- _Data excerpt_:

<<<<

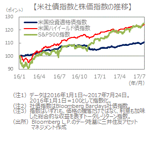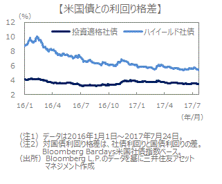 ■このところ米国の投資適格債指数や、ハイイールド債指数のパフォーマンスは極めて良好で、16年年初以降の収益率はそれぞれ10.5%、24.1%となります(7月は24日現在)。
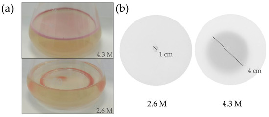 Buoyancy and motility phenotypes were observed in salt-stressed cultures. The optimum growth condition is 4.3 M NaCl and low salt is 2.6 M NaCl. (a) Fluctuation of cells in optimal salinity and sinking of cells in hyposalinity. (b) A motility assay showed less motility of cells in hyposalinity.
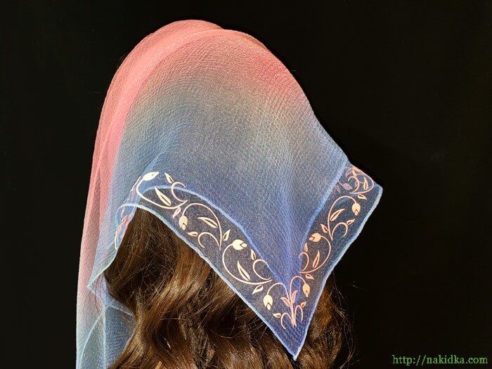 | Розовая с голубым двутонная нейлоновая косынка с наклеенными розовым флоковым узором |

>>>>

- _Exercise brief_: To answer, repeat exactly the lines from the line containing "Buoyancy and motility" through the last line of the data above, leaving out all pictures.

- _Written answer_:
 Buoyancy and motility phenotypes were observed in salt-stressed cultures. The optimum growth condition is 4.3 M NaCl and low salt is 2.6 M NaCl. (a) Fluctuation of cells in optimal salinity and sinking of cells in hyposalinity. (b) A motility assay showed less motility of cells in hyposalinity.
 | Розовая с голубым двутонная нейлоновая косынка с наклеенными розовым флоковым узором |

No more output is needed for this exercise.